- [Exercise description] Copy every entry exactly as it reads and exclude whatever pictures appear.

Extracted data entries

[Start of section]

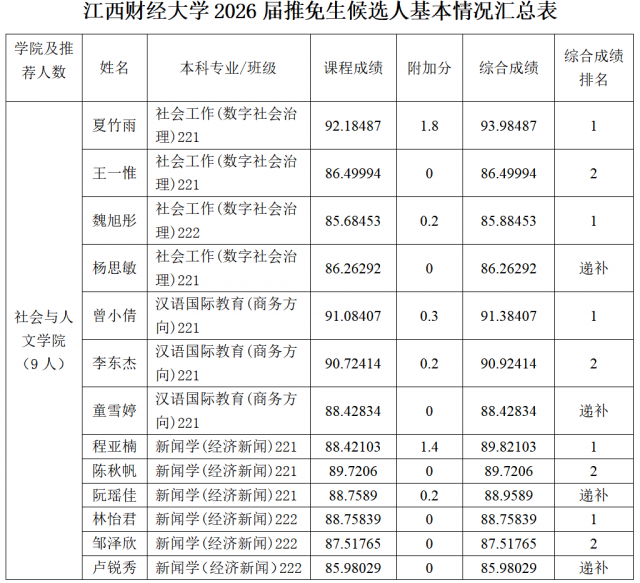 91吃瓜网 推荐优秀2026届本科毕业生免试攻读硕士研究生候选人公示 时间:2025-09-11 12:02:49 作者: 阅读: 根据91吃瓜网 推免工作小组对申请对象进行资格审核、附加分的评定,以及教务处公布的课程加权平均成绩,经9月10日91吃瓜网 推免工作小组会议研究,现将91吃瓜网2026届本科毕业生免试攻读硕士研究生候选人名单公示如下: 社会与人文91吃瓜网 推免工作小组 2025年9月10日
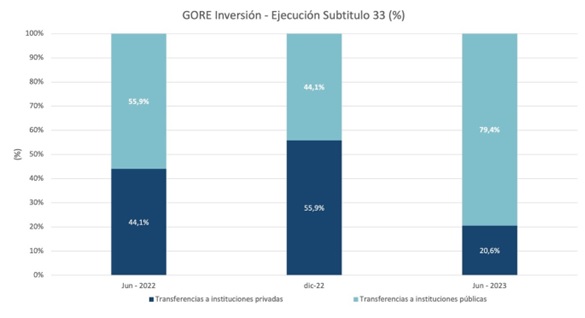 La directora de Presupuestos destacó que “también se fortaleció la capacidad ejecutora de los Gobiernos Regionales y se fomentó la ejecución con instituciones públicas por sobre privadas. Esto último ha mostrado resultados: en el primer semestre de 2022 el 44,1% de las transferencias de Gobiernos Regionales fueron a instituciones privadas, y al mismo período de este año, estos traspasos se redujeron a menos de un 20% del total”.
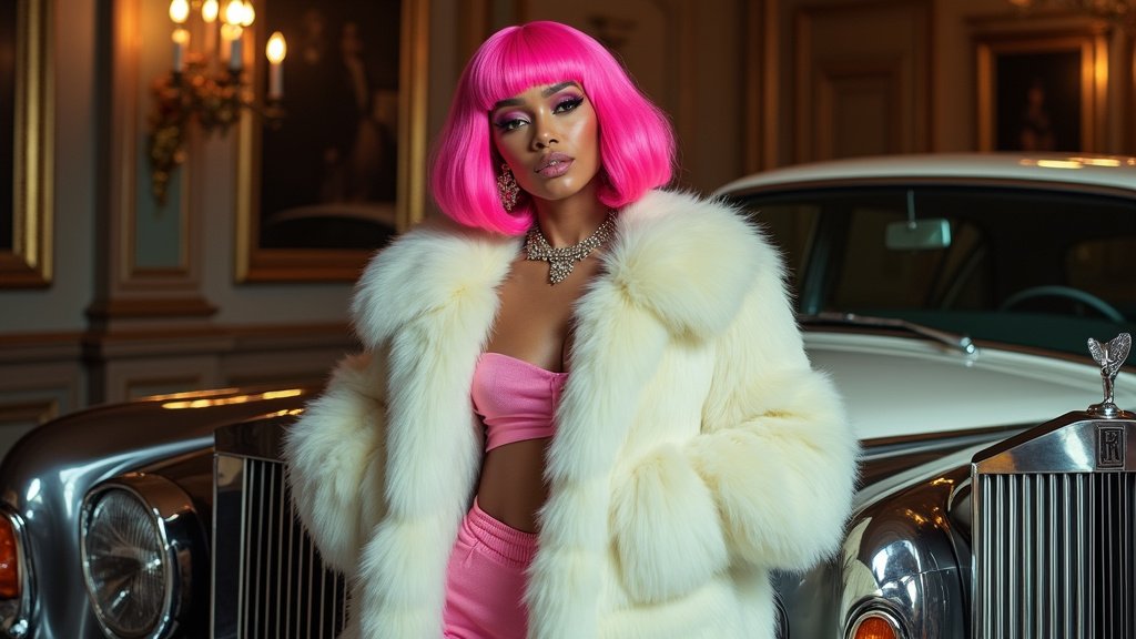 The announcement of “Imaginary Players” was accompanied by a striking new photo of Cardi B, providing a visual preamble to the music‘s aesthetic. In the image, the artist exudes an aura of opulent cool, sporting a vibrant pink wig that commands attention. This playful yet bold choice in hair color is juxtaposed with the luxurious texture of a pristine white faux fur coat, draped elegantly around her. The combination of the vivid wig and the sumptuous coat creates a look that is both high-fashion and undeniably her own, blending extravagance with a distinct personal flair.
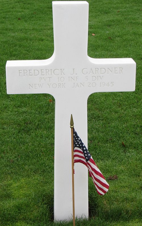Pvt Frederick J. Gardner entered the service at Fort Dix, New Jersey on 26 June 1944.Source of information: Leo Minne, www.abmc.gov, www.wwiimemorial.com, www.archives.gov – WWII Enlistment Record, www.ancestry.com – Headstone and Interment Record, A footsoldier for Patton / Michael C. Bilder James G. Bilder, The 5th Infantry division in the ETO
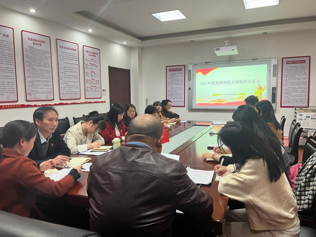 3月9日,思政部党支部召开2021年度组织生活会,支部全体党员参加会议,会议由支部书记主持,党政办督导员到会指导。
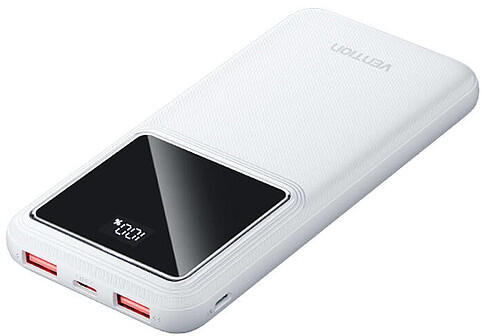 Gyártó: Vention | Név: 10000mAh Power Bank | Modell: FHKW0 | Szín: fehér | Elérhető portok: Kimenetek: 2x USB-A; Bemenetek/kimenetek: 1x USB-C; Bemenetek: 1x micro USB; | Kapacitás: 10 000 mAh / 37 Wh (3,7 V) | Bemenet (mikro USB): 5 V - 2 A, 9 V - 2 A | Bemenet (USB-C): 5 V - 3 A, 9 V - 2 A | Kimenet (USB-C): 5 V - 3 A, 9 V - 2,22 A, 12 V - 1,67 A | Kimenet (USB-A): 5 V - 3 A, 5 V - 4,5 A
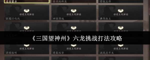 三国望神州六龙挑战怎么打?三国望神州六龙挑战,是游戏当中的一个高难度挑战关卡,其中包含有董卓和西凉铁骑、战略车轮战、吕布捕获战等等,每一个战局的战术都不尽相同,玩家需要见招拆招,才能出奇制胜,小编这一期就给大家整理出来了六龙挑战的攻略,希望
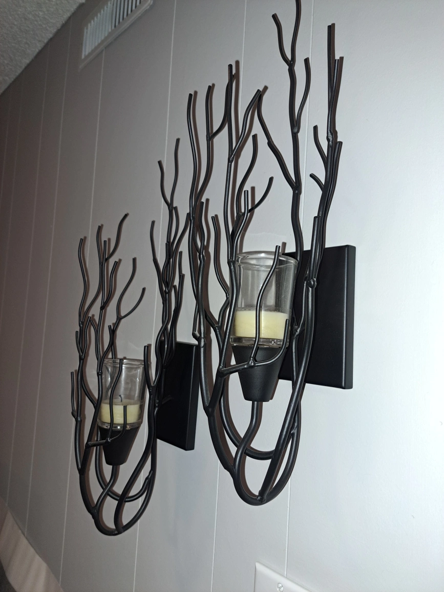 Here's a pair of metal candle wall sconces! They feature a unique branch-like design and would add a touch of rustic charm to any room. Perfect for creating a cozy atmosphere in your home. Candles are included! 19" long non smoking home cash only please
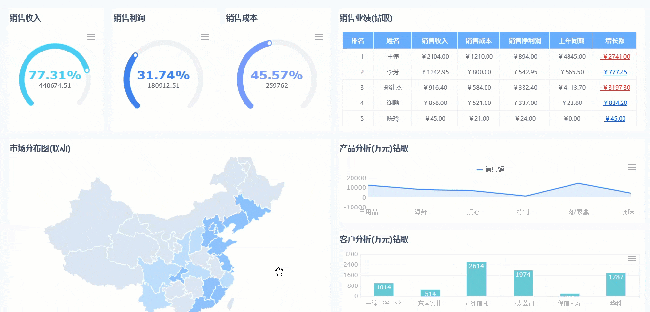 一套好的動態報表工具,至少應支援常見互動功能,例如參數過濾、鑽取、聯動、條件控制、圖表整合與多來源資料呈現。
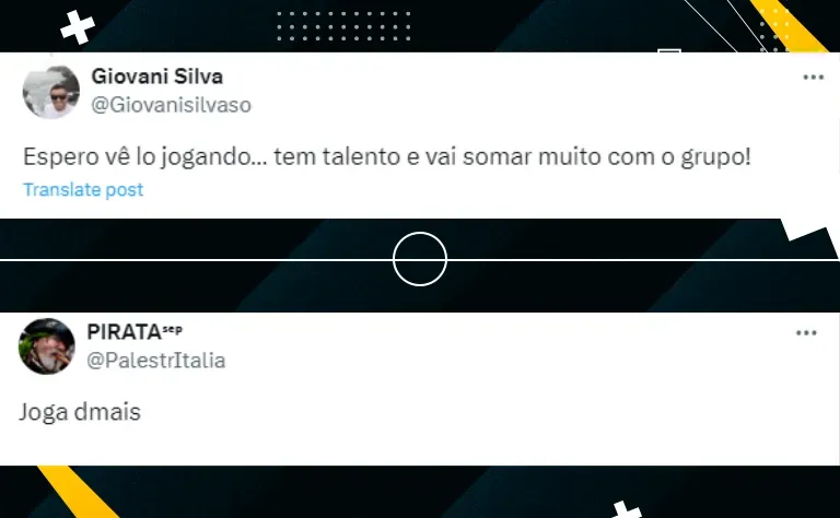Sobre essa ‘volta’ do meia, a torcida palmeirense mandou os seguintes recados ao atleta. “Espero vê lo jogando… tem talento e vai somar muito com o grupo!”. “Esse joga muito bem, tem tudo para ser o reserva imediatado do Raphael Veiga”.
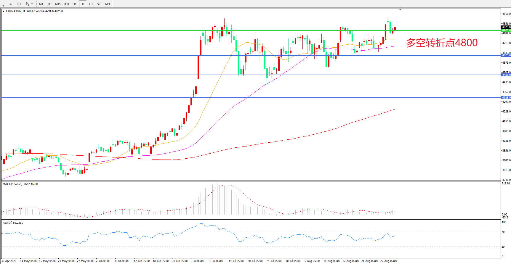 4小时图看,沪深300冲高回落,高位震荡迹象明显,4800成为多空争夺焦点,均线系统走平, MACD红柱增加,RSI指标向上,日内延续上行概率较大。
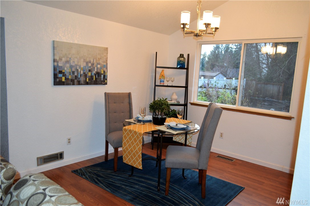 Location is everything! Popular South Eastside Olympia. 3 bedrm, 2.5 ba home w/new laminate floors, new vinyl, new carpet & int. freshly painted, new garage doors. Formal living & dining, kitchen w/breakfast bar w/new DW, downstairs family rm has closet & 1/2 bath. Minutes to downtown, shopping, schools, restaurants & easy commute to Fwy. Newer 50 year comp roof installed in 2014, new hot water tank & new furnace in 2016, gas stub-out for bar-be-que. Backups to private property.

[End of section]

- [Your response]
 91吃瓜网 推荐优秀2026届本科毕业生免试攻读硕士研究生候选人公示 时间:2025-09-11 12:02:49 作者: 阅读: 根据91吃瓜网 推免工作小组对申请对象进行资格审核、附加分的评定,以及教务处公布的课程加权平均成绩,经9月10日91吃瓜网 推免工作小组会议研究,现将91吃瓜网2026届本科毕业生免试攻读硕士研究生候选人名单公示如下: 社会与人文91吃瓜网 推免工作小组 2025年9月10日
 La directora de Presupuestos destacó que “también se fortaleció la capacidad ejecutora de los Gobiernos Regionales y se fomentó la ejecución con instituciones públicas por sobre privadas. Esto último ha mostrado resultados: en el primer semestre de 2022 el 44,1% de las transferencias de Gobiernos Regionales fueron a instituciones privadas, y al mismo período de este año, estos traspasos se redujeron a menos de un 20% del total”.
 The announcement of “Imaginary Players” was accompanied by a striking new photo of Cardi B, providing a visual preamble to the music‘s aesthetic. In the image, the artist exudes an aura of opulent cool, sporting a vibrant pink wig that commands attention. This playful yet bold choice in hair color is juxtaposed with the luxurious texture of a pristine white faux fur coat, draped elegantly around her. The combination of the vivid wig and the sumptuous coat creates a look that is both high-fashion and undeniably her own, blending extravagance with a distinct personal flair.
Pvt Frederick J. Gardner entered the service at Fort Dix, New Jersey on 26 June 1944.Source of information: Leo Minne, www.abmc.gov, www.wwiimemorial.com, www.archives.gov – WWII Enlistment Record, www.ancestry.com – Headstone and Interment Record, A footsoldier for Patton / Michael C. Bilder James G. Bilder, The 5th Infantry division in the ETO
 3月9日,思政部党支部召开2021年度组织生活会,支部全体党员参加会议,会议由支部书记主持,党政办督导员到会指导。
 Gyártó: Vention | Név: 10000mAh Power Bank | Modell: FHKW0 | Szín: fehér | Elérhető portok: Kimenetek: 2x USB-A; Bemenetek/kimenetek: 1x USB-C; Bemenetek: 1x micro USB; | Kapacitás: 10 000 mAh / 37 Wh (3,7 V) | Bemenet (mikro USB): 5 V - 2 A, 9 V - 2 A | Bemenet (USB-C): 5 V - 3 A, 9 V - 2 A | Kimenet (USB-C): 5 V - 3 A, 9 V - 2,22 A, 12 V - 1,67 A | Kimenet (USB-A): 5 V - 3 A, 5 V - 4,5 A
 三国望神州六龙挑战怎么打?三国望神州六龙挑战,是游戏当中的一个高难度挑战关卡,其中包含有董卓和西凉铁骑、战略车轮战、吕布捕获战等等,每一个战局的战术都不尽相同,玩家需要见招拆招,才能出奇制胜,小编这一期就给大家整理出来了六龙挑战的攻略,希望
 Here's a pair of metal candle wall sconces! They feature a unique branch-like design and would add a touch of rustic charm to any room. Perfect for creating a cozy atmosphere in your home. Candles are included! 19" long non smoking home cash only please
 一套好的動態報表工具,至少應支援常見互動功能,例如參數過濾、鑽取、聯動、條件控制、圖表整合與多來源資料呈現。
Sobre essa ‘volta’ do meia, a torcida palmeirense mandou os seguintes recados ao atleta. “Espero vê lo jogando… tem talento e vai somar muito com o grupo!”. “Esse joga muito bem, tem tudo para ser o reserva imediatado do Raphael Veiga”.
 4小时图看,沪深300冲高回落,高位震荡迹象明显,4800成为多空争夺焦点,均线系统走平, MACD红柱增加,RSI指标向上,日内延续上行概率较大。
 Location is everything! Popular South Eastside Olympia. 3 bedrm, 2.5 ba home w/new laminate floors, new vinyl, new carpet & int. freshly painted, new garage doors. Formal living & dining, kitchen w/breakfast bar w/new DW, downstairs family rm has closet & 1/2 bath. Minutes to downtown, shopping, schools, restaurants & easy commute to Fwy. Newer 50 year comp roof installed in 2014, new hot water tank & new furnace in 2016, gas stub-out for bar-be-que. Backups to private property.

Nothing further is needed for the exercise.